In many ways Coutard invented modern cinematography. Back then viewing the films he photographed was like seeing for the first time, a completely new experience, an explosion of new ideas and techniques, a cinematic revolution. Armed with the new and exciting lightweight 35mm Cameflex Eclair, his was a ragged, but incisive restless camera, a vibrant and carefree shooting style like no other. The first film he shot for Godard 'A Bout de Souffle' / 'Breathless' featured this documentary-like staged naturalism and was entirely hand held, I think the first ever. It featured his signature high contrast black and white. It broke every rule. So fresh and young at heart, so free and easy.....and the wonderful light he used to create such beautiful modern skintones....always natural, always right, Coutard was the master of available light.
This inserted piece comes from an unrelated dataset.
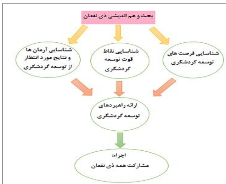
شکل ۳- مدل مفهومی راهبردهای توسعه گردشگری SOAR در کلان‌شهر تبریز

با توجه به رویکرد مشارکتی مدل SOAR می‌توان دستیابی به توسعه گردشگری در کلان‌شهر تبریز را به صورت شکل زیر نشان داد.

When he moved to colour it was as if he reinvented colour. Many of us will still remember that experience of seeing Godard's 'Pierrot Le Fou' for the first time. Shot on Eastmancolour in wide-screen 2-perf Techniscope on an Arriflex camera it was at that time mind blowing, totally new and as never see before, lush and rich, yet pastel, soft, natural, completely breaking free from the shackles of bourgeois cinematic convention. Coutard photographed the most beautiful actors of that time. Belmondo, Bardot, Moreau, Jean Seberg, Anna Karina. Through his lens they always looked fabulous, his work with actors always ravishing. In many ways he was the French New Wave and I can't imagine those indelible films or indeed the nineteen sixties themselves without Coutard behind the camera. His influence in what followed, in what happened next, was enormous. His disciples went out there and changed cinematography forever. Thank you Raoul Coutard.